Some days I just want to scream about the unfairness of it.

And I'm not talking about "gender roles," I'm talking about conditions of mortality that make it so that I must make continuous, massive sacrifices in order to fulfill both of these purposes - including goal number one, my greatest dream, my highest personal value of bringing children into this world and raising them into good adults. I know I wouldn't be happy as a man. I wouldn't be happy as the primary breadwinner, either. I think this housewife role is where I can be happiest. But it definitely still sucks sometimes. It isn't "the way it should be" - but then, I don't know what that really would look like. I have to just accept and believe that it's better for me to pass through this sorrow for some reason having to do with my eternal progression and that the pain of living will one day be resolved.

My nine year old summed it up nicely. "Your job is great because everything you do is for our family." I totally cringed when she said this. Fortunately I was making dinner and so my back was to her, and my husband sensed what was wrong and sent her away on an errand.

"She just succinctly explained the entire problem. I don't *want* everything I do to be for our family. I want to do other great things."
"That makes you a wonderful person, Kate." He proceeded to give me a quote by Joseph Smith about how people should not be content to bless only the lives of their family but to be anxious to make a difference in the world as well, or something like that.

Around 2012 my goals started to shift. I couldn't figure out the internal "mommy wars" thing so I just set it aside completely and started to pursue genealogy research more intensely. There's a fulfilling project if ever there was one. And it is an odd synthesis of both of the two goals I have: be a force for good in my family and be a force for good on my own. 

I have been so much happier setting aside my preoccupation with resolving my Weltschmerz and just DOING what I can to fulfill both of my bigger goals. It's easy to get lost in doing.

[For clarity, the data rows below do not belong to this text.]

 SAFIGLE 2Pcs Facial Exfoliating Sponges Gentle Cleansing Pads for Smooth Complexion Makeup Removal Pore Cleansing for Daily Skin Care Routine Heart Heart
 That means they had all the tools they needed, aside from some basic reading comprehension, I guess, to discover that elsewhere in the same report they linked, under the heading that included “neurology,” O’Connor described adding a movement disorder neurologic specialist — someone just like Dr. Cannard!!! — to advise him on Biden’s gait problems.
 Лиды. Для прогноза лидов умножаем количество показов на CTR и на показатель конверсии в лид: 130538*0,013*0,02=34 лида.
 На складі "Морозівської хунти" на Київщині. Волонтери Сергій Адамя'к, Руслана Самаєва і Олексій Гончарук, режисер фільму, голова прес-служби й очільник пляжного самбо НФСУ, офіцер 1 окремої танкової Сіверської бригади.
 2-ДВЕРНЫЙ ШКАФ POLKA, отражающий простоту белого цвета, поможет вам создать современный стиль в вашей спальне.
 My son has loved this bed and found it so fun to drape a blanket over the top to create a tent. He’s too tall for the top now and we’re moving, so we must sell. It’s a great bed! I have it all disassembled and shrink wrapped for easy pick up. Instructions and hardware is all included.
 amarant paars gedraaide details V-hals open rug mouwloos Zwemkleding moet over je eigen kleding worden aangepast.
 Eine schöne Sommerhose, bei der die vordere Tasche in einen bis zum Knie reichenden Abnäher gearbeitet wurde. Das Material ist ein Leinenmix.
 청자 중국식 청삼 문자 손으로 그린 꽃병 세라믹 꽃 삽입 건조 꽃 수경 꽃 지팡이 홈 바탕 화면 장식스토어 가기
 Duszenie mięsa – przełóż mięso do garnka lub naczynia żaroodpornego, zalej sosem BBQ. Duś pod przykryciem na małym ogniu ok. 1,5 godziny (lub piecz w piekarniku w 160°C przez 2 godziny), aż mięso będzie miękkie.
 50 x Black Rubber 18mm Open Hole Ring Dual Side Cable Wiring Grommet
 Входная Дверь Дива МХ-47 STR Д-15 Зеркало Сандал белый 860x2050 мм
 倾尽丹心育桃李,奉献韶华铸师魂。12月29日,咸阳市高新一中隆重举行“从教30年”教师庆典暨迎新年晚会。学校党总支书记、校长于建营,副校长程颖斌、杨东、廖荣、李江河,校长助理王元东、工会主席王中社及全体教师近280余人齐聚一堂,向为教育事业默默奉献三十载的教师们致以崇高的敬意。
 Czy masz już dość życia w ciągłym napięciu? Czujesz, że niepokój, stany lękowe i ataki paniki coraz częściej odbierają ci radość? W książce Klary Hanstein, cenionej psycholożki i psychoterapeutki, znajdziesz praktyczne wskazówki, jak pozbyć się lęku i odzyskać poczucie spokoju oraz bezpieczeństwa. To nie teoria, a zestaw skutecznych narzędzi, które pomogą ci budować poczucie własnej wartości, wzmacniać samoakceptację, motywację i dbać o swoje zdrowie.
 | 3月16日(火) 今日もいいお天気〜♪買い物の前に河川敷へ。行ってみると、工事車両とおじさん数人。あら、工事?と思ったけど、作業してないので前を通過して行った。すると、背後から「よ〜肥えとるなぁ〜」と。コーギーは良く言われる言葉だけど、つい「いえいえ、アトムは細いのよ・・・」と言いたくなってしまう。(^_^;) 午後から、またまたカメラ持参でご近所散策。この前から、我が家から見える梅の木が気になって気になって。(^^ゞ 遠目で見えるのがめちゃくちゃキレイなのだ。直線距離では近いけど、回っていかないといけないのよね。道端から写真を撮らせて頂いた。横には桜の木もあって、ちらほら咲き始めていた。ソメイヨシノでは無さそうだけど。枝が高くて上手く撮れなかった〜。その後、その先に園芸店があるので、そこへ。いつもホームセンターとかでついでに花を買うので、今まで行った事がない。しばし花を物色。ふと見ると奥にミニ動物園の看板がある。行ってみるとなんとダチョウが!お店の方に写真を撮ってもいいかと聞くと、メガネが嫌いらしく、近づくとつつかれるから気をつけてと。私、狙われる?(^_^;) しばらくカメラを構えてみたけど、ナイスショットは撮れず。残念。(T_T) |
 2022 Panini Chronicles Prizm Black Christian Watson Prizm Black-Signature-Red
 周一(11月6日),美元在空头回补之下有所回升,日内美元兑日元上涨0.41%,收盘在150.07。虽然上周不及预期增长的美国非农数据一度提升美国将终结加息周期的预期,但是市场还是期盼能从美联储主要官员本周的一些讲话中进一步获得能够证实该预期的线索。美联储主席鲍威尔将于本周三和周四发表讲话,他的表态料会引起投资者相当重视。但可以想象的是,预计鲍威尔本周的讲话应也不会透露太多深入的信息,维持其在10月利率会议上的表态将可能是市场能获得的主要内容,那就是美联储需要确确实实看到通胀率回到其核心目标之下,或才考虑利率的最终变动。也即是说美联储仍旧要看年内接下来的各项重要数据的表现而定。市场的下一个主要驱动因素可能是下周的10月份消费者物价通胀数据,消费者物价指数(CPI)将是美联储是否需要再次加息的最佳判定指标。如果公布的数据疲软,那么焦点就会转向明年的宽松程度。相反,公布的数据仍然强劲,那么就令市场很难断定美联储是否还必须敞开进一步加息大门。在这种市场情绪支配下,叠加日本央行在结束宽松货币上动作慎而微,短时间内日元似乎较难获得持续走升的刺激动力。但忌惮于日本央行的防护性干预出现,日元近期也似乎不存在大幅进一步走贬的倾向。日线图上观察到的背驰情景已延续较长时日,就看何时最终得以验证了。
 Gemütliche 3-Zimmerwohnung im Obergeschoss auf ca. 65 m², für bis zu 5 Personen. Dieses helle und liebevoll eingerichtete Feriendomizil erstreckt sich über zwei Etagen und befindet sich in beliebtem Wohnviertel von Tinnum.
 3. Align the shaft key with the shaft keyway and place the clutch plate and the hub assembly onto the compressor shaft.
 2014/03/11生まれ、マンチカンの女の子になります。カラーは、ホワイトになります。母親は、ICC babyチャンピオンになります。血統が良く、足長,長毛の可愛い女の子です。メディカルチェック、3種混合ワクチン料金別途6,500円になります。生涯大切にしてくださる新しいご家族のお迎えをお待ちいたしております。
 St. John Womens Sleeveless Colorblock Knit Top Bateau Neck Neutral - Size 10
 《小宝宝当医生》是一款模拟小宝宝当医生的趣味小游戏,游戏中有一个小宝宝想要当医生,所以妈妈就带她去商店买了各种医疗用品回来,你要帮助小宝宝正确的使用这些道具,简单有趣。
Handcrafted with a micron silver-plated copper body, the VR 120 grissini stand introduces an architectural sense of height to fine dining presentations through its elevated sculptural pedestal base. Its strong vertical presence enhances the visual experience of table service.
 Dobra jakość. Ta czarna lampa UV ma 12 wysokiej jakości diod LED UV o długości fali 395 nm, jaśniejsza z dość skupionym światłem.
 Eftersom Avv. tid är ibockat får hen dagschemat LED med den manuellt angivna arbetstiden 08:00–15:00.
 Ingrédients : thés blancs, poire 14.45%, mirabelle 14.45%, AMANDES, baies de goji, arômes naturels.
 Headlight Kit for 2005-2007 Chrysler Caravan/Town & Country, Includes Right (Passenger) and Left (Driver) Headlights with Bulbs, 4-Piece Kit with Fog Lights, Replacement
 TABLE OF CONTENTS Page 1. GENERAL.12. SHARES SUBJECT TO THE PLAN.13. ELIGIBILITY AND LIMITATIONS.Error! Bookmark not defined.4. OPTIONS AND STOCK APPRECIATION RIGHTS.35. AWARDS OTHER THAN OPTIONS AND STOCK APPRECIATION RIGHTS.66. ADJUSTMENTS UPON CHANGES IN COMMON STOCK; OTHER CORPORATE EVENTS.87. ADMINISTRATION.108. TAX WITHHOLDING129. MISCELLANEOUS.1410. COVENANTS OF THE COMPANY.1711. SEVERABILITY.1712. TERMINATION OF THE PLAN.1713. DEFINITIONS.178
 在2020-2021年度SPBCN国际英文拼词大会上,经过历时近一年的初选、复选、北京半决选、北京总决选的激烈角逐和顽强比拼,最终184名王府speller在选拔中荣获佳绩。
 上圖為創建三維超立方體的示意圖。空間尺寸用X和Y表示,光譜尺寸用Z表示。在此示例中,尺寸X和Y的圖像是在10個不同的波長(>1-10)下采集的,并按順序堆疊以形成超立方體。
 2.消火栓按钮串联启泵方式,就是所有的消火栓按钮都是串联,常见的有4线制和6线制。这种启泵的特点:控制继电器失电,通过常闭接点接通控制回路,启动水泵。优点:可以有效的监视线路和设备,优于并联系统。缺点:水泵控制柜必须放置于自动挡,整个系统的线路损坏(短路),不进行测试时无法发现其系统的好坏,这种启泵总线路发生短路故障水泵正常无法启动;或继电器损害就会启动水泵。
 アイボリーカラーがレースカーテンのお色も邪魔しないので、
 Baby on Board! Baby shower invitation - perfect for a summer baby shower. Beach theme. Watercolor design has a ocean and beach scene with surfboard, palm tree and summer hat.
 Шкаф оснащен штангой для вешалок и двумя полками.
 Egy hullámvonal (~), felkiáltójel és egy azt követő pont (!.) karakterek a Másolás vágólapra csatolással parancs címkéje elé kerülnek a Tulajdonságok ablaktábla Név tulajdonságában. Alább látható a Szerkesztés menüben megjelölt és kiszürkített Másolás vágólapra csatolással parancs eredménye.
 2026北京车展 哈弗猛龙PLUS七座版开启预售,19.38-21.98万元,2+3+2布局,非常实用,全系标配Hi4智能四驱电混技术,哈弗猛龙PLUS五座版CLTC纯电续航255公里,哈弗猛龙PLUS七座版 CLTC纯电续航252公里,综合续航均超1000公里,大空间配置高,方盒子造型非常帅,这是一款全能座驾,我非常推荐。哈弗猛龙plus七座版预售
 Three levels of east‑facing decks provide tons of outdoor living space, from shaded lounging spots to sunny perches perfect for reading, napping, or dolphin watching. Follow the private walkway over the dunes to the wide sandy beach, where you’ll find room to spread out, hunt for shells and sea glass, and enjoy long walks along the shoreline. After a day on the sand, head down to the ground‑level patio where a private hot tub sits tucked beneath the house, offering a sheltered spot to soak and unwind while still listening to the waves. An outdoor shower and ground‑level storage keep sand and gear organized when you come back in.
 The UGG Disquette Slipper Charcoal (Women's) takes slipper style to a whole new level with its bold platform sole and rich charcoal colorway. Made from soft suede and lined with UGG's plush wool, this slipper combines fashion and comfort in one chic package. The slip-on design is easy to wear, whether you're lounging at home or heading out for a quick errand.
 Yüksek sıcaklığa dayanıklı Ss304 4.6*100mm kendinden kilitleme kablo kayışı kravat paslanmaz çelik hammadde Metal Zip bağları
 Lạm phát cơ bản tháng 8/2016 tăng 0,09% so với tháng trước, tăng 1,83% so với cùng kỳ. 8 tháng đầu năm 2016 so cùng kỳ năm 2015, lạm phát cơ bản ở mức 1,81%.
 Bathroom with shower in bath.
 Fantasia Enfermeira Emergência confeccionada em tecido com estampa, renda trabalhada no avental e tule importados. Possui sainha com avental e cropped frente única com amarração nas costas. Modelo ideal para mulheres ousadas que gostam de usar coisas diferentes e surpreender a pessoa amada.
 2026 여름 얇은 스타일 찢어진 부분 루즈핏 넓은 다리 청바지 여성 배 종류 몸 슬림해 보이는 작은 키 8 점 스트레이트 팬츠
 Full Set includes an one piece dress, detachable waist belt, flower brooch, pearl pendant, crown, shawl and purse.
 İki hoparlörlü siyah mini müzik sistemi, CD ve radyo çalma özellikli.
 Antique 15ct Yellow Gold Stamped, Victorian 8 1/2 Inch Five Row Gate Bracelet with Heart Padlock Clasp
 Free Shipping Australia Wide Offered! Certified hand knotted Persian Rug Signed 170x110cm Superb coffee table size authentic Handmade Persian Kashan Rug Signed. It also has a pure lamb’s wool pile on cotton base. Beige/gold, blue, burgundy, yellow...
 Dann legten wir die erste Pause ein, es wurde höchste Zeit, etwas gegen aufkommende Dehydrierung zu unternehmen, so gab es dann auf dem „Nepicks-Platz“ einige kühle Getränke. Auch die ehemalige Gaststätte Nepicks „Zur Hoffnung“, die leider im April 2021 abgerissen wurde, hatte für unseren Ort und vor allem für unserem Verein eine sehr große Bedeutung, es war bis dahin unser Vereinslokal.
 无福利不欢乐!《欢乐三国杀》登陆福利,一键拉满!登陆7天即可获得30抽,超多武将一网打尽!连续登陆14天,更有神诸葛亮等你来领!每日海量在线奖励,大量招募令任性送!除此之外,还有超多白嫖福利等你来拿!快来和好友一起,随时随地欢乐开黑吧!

For me, "doing" seems to look quite different than it does for most of my peers. Example: the only path towards really being the genealogist that I want to be is to learn Czech. I find enormous amounts of joy in studying Czech. But it is sad to me that it's not something I can share with others around me in the real world.

You know what, though? There's a place for me. I don't have to "shallow" my way anywhere. I am okay being this person who I am; nobody ever said we should ignore the Weltschmerz or pretend it isn't real. It's ok that a lot of things around me are unsatisfactory and that sometimes causes me to retreat into my internal world. Still, I choose to live happily in my real world here in Ankeny in my warm, cluttered house with a basketball team's worth of children constantly playing "hot cross buns" on the recorder, slamming all the doors and cabinets, and running around outside in 37 degree weather without shoes (!!), and always yelling/complaining/whining at me. One day they're going to grow up and we'll be able to have the intelligent conversations I so crave. Also, Danny assures me that the day for my advanced degree will come, and probably fairly soon. Perhaps even in the next year or two.

There isn't an easy solution to solving my personal Weltschmerz, but perhaps there's a simple one: believe that it's going to be okay. Love the people around me and myself. Focus on doing what I can to be a force for good within all my spheres of influence. The validation piece is still pretty lacking, but I guess since it might be that way for the other moms in my life, instead of trying to tease it out of others I should shift my focus on giving it to others in great abundance. That, and do my best to give it to myself.